Suddenly, this creature appeared, just weeks before the latest announcement of scientific simulations. The title apparently describes a creation much like the one on the window: "Newly developed micro robot bird able to perform reconnaissance, surveillance." The curious can follow the full details of the "robot bird" here:
http://www.myfoxdc.com/story/22654036/newly-developed-micro-robot-bird-able-to-perform-reconnaissance-surveillance#ixzz2WsDoesIq. A surveillance mechanism would be likely to pose on windows, too.

As if that announcement were not sufficient to make me wonder what I was seeing, "The FBI has admitted it sometimes uses aerial surveillance drones over US soil, and suggested further political debate and legislation to govern their domestic use may be necessary," as reported by the UK Guardian at http://www.guardian. co.uk/world/2013/jun/19/fbi-drones-domestic-surveillance. Well, one way or another, some white-winged creature is observing humans inside their dwellings, and nobody that I know gave permission for it to sit on windows here.

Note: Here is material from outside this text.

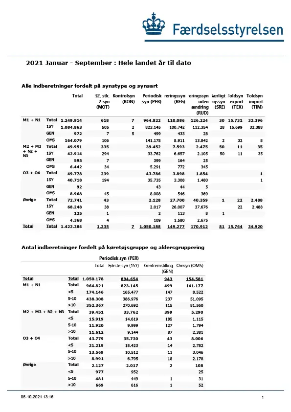Månedsrapport over fejl- og omsynsprocenter - Hele landet - September - 2021
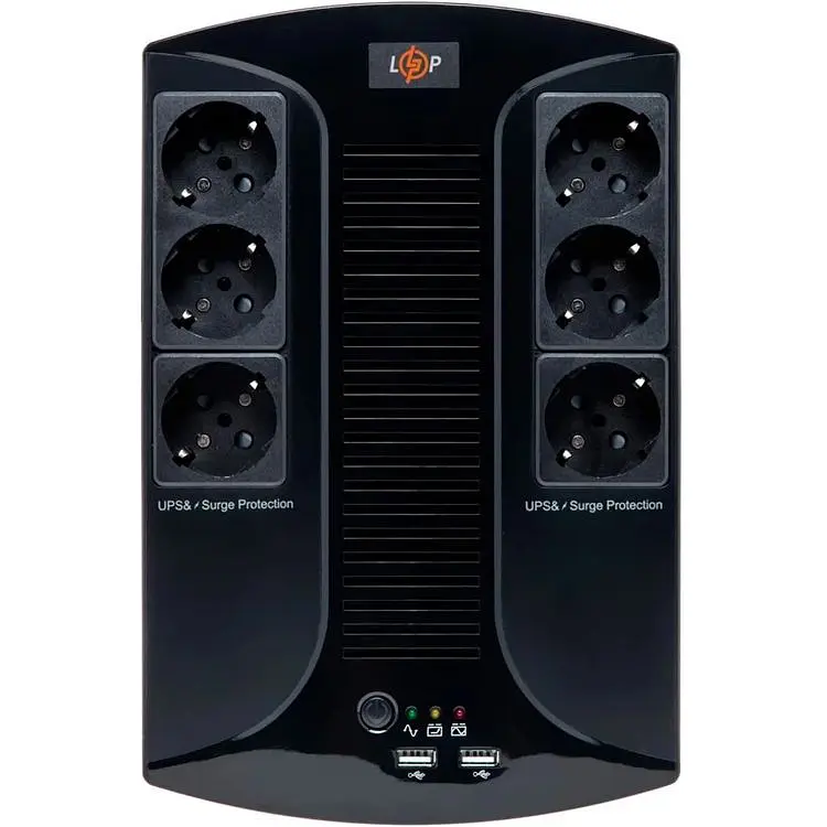 Джерело безперебійного живлення (ДБЖ) LogicPower 650VA-6PS являє собою лінійно-інтерактивне джерело резервного живлення з апроксимованою синусоїдою, яке стабілізує напругу в мережі і захищає обладнання від перевантажень і коротких замикань. ДБЖ потужністю 455 Вт призначений для захисту побутової, офісної та промислової техніки від стрибків напруги, коротких замикань, перевантажень, розрядів і надлишкового заряду батарей. При відключенні електромережі всі 6 розеток продовжують працювати від акумуляторної батареї, забезпечуючи безперебійне живлення підключених пристроїв. Перехід на автономний режим відбувається автоматично за 4–6 мс, що дозволяє зберегти стабільну роботу обладнання та підтримувати його живлення протягом 10–15 хвилин.

Paranoia may seem funny until it's you and an unidentified flying object perching where it has no warrant to be. Once upon a time—yesterday, maybe!-- dragonflies were clearly not after me. The flapping bread-and-butterflies of Disney's version of Alice in Wonderland were looking for flowers, not Alice, and Alice was not suspected of Un-American activities. Wasn't she a British citizen, after all? Uh-Oh! The UK has not escaped US surveillance, either, if Edward Snowden is to be believed. 

Now, do you know if that famous rabbit-hole is bugged? You can't shrink a white rabbit to the size of a mayfly, can you? Is this the American Dream now—a cartoon with creatures who once knew where they belonged?